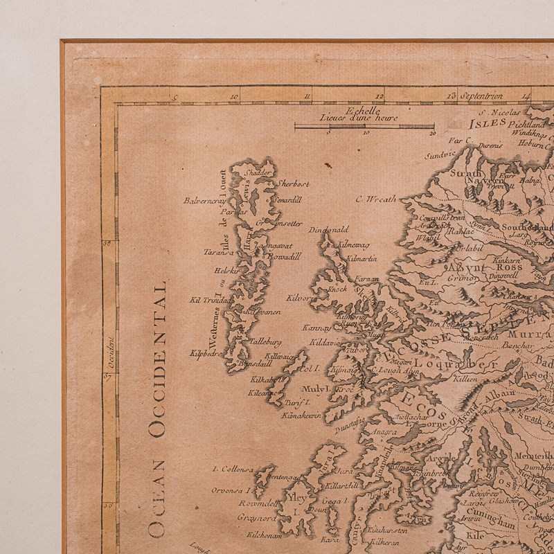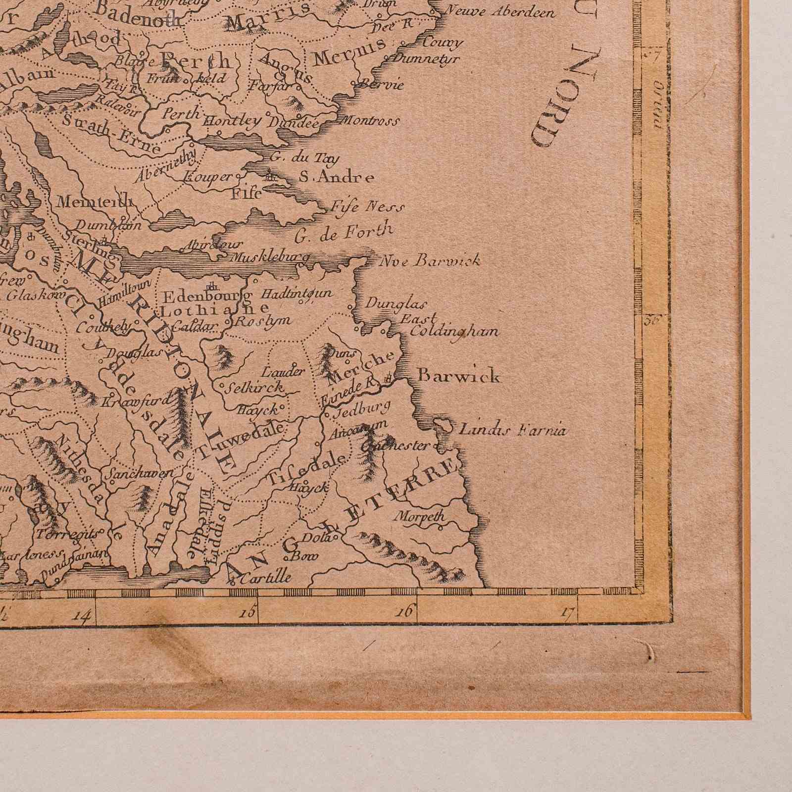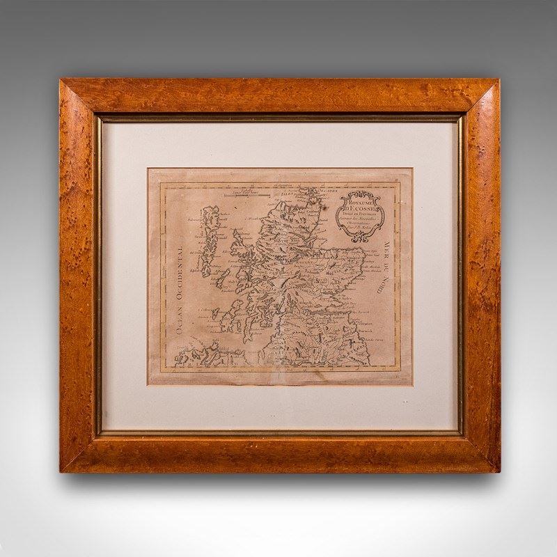 Antique Map Of Scotland, French, Framed Cartography, Ecosse, Georgian, C.1780
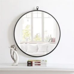 Elegant Furniture & Lighting Elegant Decor Rowan 24″ Round Metal Frame Hooked Mirror In Black
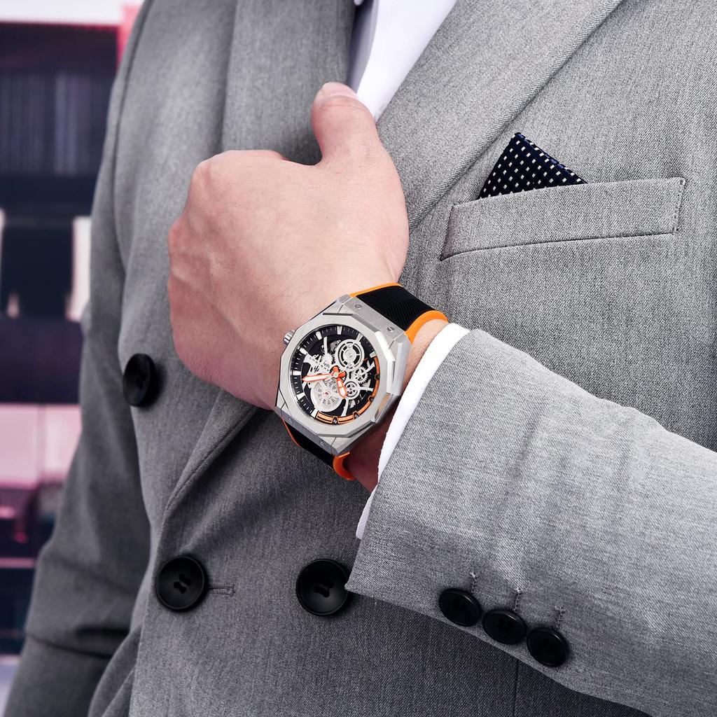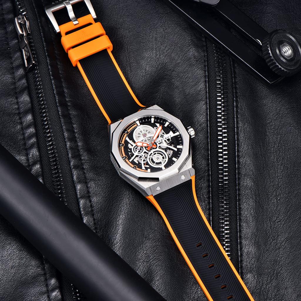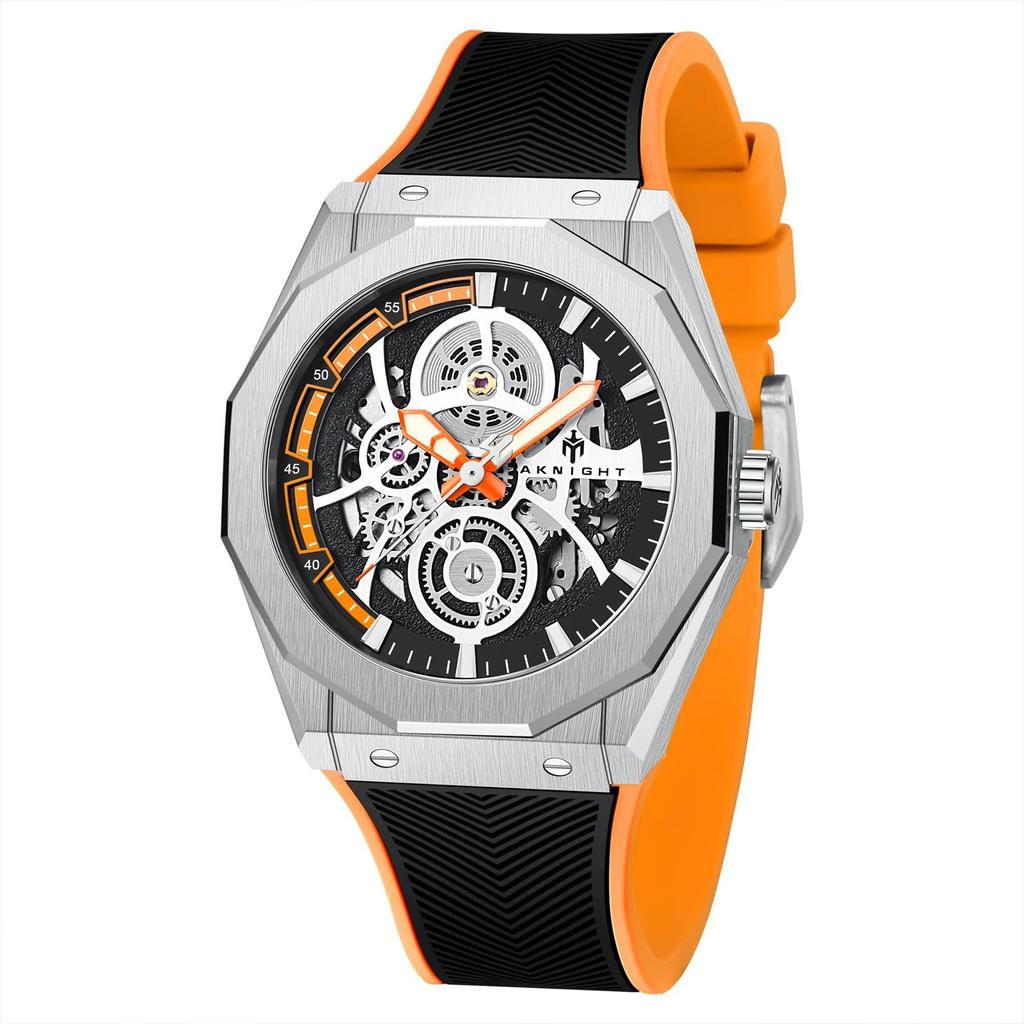 Механические часы Водонепроницаемые 100 м Автоматические часы Скелетон Крутые Стильные Наручные часы Роскошные Водонепроницаемые Светящиеся Оранжевые AKNIGHT-Watch Мужские Мужские

■ ■ ■ ■ ■

WHAT THE EXERCISE ASKS ▸ Emit an exact copy of the lines from the line bearing "Elegant Furniture &" through the last line above, inclusive, and leave the images out.

SOLUTION TO THIS EXERCISE ▸
 Elegant Furniture & Lighting Elegant Decor Rowan 24″ Round Metal Frame Hooked Mirror In Black
 Механические часы Водонепроницаемые 100 м Автоматические часы Скелетон Крутые Стильные Наручные часы Роскошные Водонепроницаемые Светящиеся Оранжевые AKNIGHT-Watch Мужские Мужские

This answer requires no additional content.